Search code examples
rmedical

Data transformation "proc transpose" equivqlent in R


Hi everyone I am new here I have the follwing dataset

member_id<-c(603,603,603)
fill_date<-c("02/17/2005","06/13/2005","08/11/2005")
drug<-rep("a",3)
days_supply<-rep(30,3)
dataset<-data.frame(member_id,fill_date,drug,days_supply)

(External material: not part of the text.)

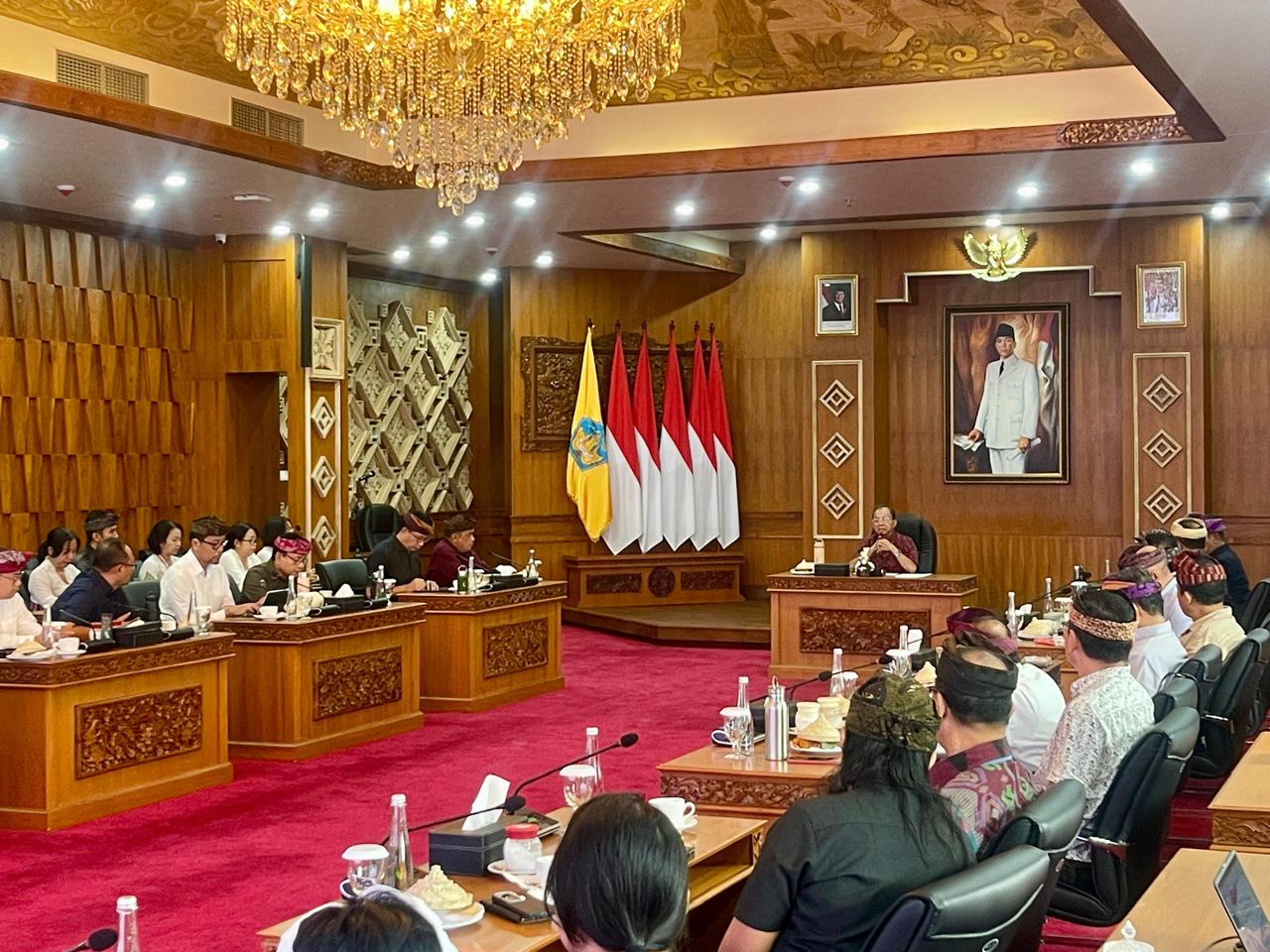 Hadir dalam rapat tersebut Tim Percepatan Pelaksanaan Layanan Kesehatan Tradisional yang dikoodinatori oleh Prof. apt. Dr. rer.nat I Made Agus Gelgel Wirasuta, M.Si.., Kepala Dinas Kesehatan Provinsi Bali, Kepala Dinas Pertanian dan Ketahanan Pangan Provinsi Bali, Kepala Dinas Perindustrian dan Perdagangan Provinsi Bali, serta undangan terkait lainnya.(Humas Pemprov Bali)

I want to transform the data as the follwing: Transformed data

In sas I use this code:

    proc sort data=claims;
       by member_id fill_dt;
       run;
    proc transpose data=claims out=fill_dates (drop=_name_) prefix=fill_dt;
    by member_id;
    var fill_dt;
    run;

    proc transpose data = claims out=days_supply (drop=_name_) prefix = days_supply;
    by member_id;
    var days_supply;
    run;

    data both;
    merge fill_dates days_supply;
    by member_id;
    format start_dt end_dt mmddyy10.;
    start_dt=fill_dt1;
    end_dt=fill_dt1+179;
    run;

I was wondering if you could help with th equivalent code in R

Thanks


Solution

  • This may get you started.

    # in case you don't have those packages installed
    install.packages("reshape2")
    install.packages("tidyverse")
    
    library(reshape2)
    library(tidyverse)
    
    
    member_id<-c(603,603,603)
    fill_dt<- c("2005-02-17", "2005-06-13", "2005-08-11")
    days_supply<-rep(30,3)
    dataset<-data.frame(member_id,fill_dt,days_supply)
    
    
    
    
    dataset_melt <- melt( data =dataset, id.vars = "member_id" )
    dataset_melt <- dataset_melt %>% group_by(variable) %>% mutate( variable_n = paste0( variable, row_number() ))
    
    dataset_cast <- data.table::dcast( data = dataset_melt, formula = member_id ~  variable_n, value.var =c("value")  )
    dataset_cast <- dataset_cast %>% mutate( start_dt = as.Date(fill_dt1), 
                                             end_dt   = start_dt + 179 )
    
    dataset_cast
    

    To get better help I suggest creating a minimally reproducible example of what you are doing in SAS. This means SAS code which creates the data in SAS, and creates the output that you want. You data is not minimal because you do not use the "drug" variable.